What you will do = A word-for-word copy of the listing, free of images, is the expected answer.

Source data =
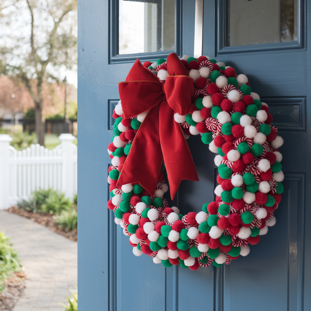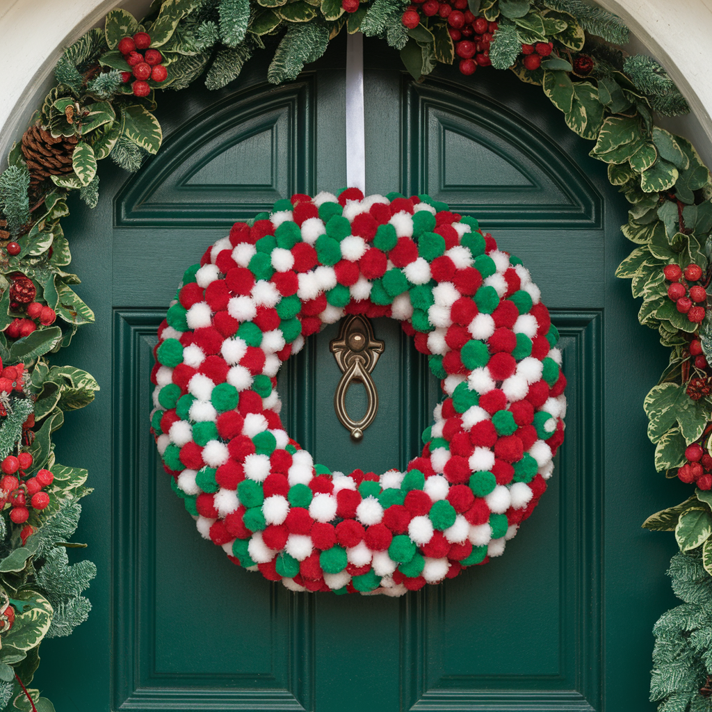 Pom-Pom Christmas Wreath for Outdoor Decor
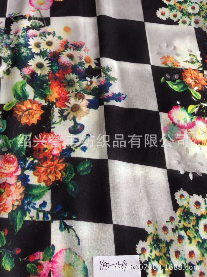 廠家批發 壓皺繡花布 滌綸美麗格印花激光繡花布YFD-1565
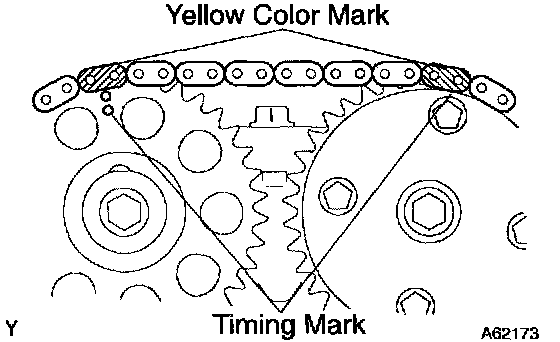 b. Install the timing chain on the crankshaft timing sprocket with the yellow color link aligned with the timing mark on the crankshaft timing sprocket.

Answer to this exercise =
 Pom-Pom Christmas Wreath for Outdoor Decor
 廠家批發 壓皺繡花布 滌綸美麗格印花激光繡花布YFD-1565
 b. Install the timing chain on the crankshaft timing sprocket with the yellow color link aligned with the timing mark on the crankshaft timing sprocket.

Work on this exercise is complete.